Each time a match is made the appropriate name (e.g. P4) is output in the spine.
The
-s
option is used to skip barlines and null data records when matching patterns.
The
-m
option invokes the multi-record matching mode -- which allows
patt
to recognize row statements where several nominally successive pitches
are collapsed into a vertical chord:
# Search for instances of each tone-row variant.
X=0
while [ $X -ne 12 ]
do
patt -s '=|^\.(\t\.)*$' -f P$X -m score.tmp -t P$X \
| extract -i '**patt' > P$X.pat
patt -s '=|^\.(\t\.)*$' -f I$X -m score.tmp -t I$X \
| extract -i '**patt' > I$X.pat
patt -s '=|^\.(\t\.)*$' -f R$X -m score.tmp -t R$X \
| extract -i '**patt' > R$X.pat
patt -s '=|^\.(\t\.)*$' -f RI$X -m score.tmp -t RI$X \
| extract -i '**patt' > RI$X.pat
let X=$X+1
done
Each of the above 48
patt
searches resulted in a separate temporary output file.
It would be convenient to reduce all 48 **patt
spines into a single
aggregate spine.
This can be done using the
assemble
and
cleave
commands:
# Now we have a lot of files to assemble:
assemble P*.pat > prime.pat
cleave -d ' ' -i '**patt' -o '**rows' prime.pat > analysis.1
assemble I*.pat > inversion.pat
cleave -d ' ' -i '**patt' -o '**rows' inversion.pat > analysis.2
assemble R*.pat > retro.pat
cleave -d ' ' -i '**patt' -o '**rows' retro.pat > analysis.3
assemble RI*.pat > retroinv.pat
cleave -d ' ' -i '**patt' -o '**rows' retroinv.pat > analysis.4
assemble analysis.[1-4] > temp
cleave -d ' ' -i '**rows' -o '**rows' temp > analysis.out
# Finally, clean up some temporary files:
rm [PRI][0-9].pat [PRI]1[01].pat RI[0-9]*.pat temp.pat
rm analysis.[1-4] temp temp.pc score.tmp
There are a few subtleties and problems that deserve mention about our rowfind script. In general, shorter patterns are easier to find than longer patterns. Since row statements tend to be unique after the first 4 or 5 notes, it is preferable to clip the row patterns used as templates. Reducing the length of the templates can lead to "false hits" -- but these tend to be infrequent and are easily recognized.

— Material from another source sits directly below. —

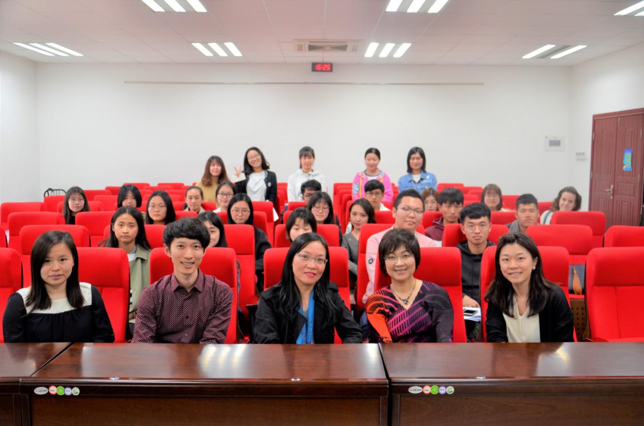 第三场讲座由外文学院副院长李美华教授主持。李美华教授首先总结了自己关于翻译主题的理解:译者无声。她表示,无数优秀的翻译其实都是来源于译者的默默钻研。此番话引起了现场同学们的深思,现场学术氛围因而更加浓厚。本场讲座主题是“美女不忠”:中诗西译的诗韵格律与文化内涵》。张淑英教授以流行音乐《Despacito》为引,循序渐进到古诗、现代诗,由浅入深地为大家讲述了中诗西译的历史、经验和经典,提出“美女不忠,信言不美”是中诗西译的重要规律。她还向大家介绍了中文诗句在翻译成西文时如何保持原有的美感、如何在韵脚格律上多多揣摩、如何在文化内涵上精雕细琢以提高译本的理解度等知识。此外,张淑英教授还对比了台湾与大陆中西翻译的不同风格。讲座结束后,张淑英教授与到场师生合影留念。

Applied to an entire multi-part score, rowfind may miss concurrent row statements due to interposed notes appearing in an irrelevant instrument or part. This problem can be avoided by first extracting individual parts and running rowfind on each part separately. (The results can then be amalgamated using assemble and cleave.) On the other hand, searching instruments separately can mean that row statements crossing between instruments may be missed. This problem can be addressed by extracting pairs and groups of instruments and analyzing them together.
For a complex work like Webern's Opus 24 Concerto, this strategy of analyzing both individual instruments and groups of instruments works very well.

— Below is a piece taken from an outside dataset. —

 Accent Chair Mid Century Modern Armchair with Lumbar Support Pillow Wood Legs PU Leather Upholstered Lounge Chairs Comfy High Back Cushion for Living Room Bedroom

In this chapter we have discussed several tools related to set theory analysis. These include the pc (pitch-class) command, the pcset command (for identifying set-forms), and the reihe command (for generating set variants).
We have seen how general tools like context can be used to carry out segmentation of some score. Similarly, we have seen how the patt command can be used to identify tone-row statements.
Two scripts were described in this chapter: matrix and rowfind. These demonstrated how the tools may be coordinated to carry out various automated processes.
This chapter has only scratched the surface regarding the types of pertinent serial-related manipulations that might be pursued. For example, much more sophisticated approaches to segmentation can be created by using some of the layer techniques described in the next Chapter. Similarly, the pattern searches could easily be expanded to look at other parameters typical of "complete serialism" -- such as durations, dynamics, articulation marks, and so on.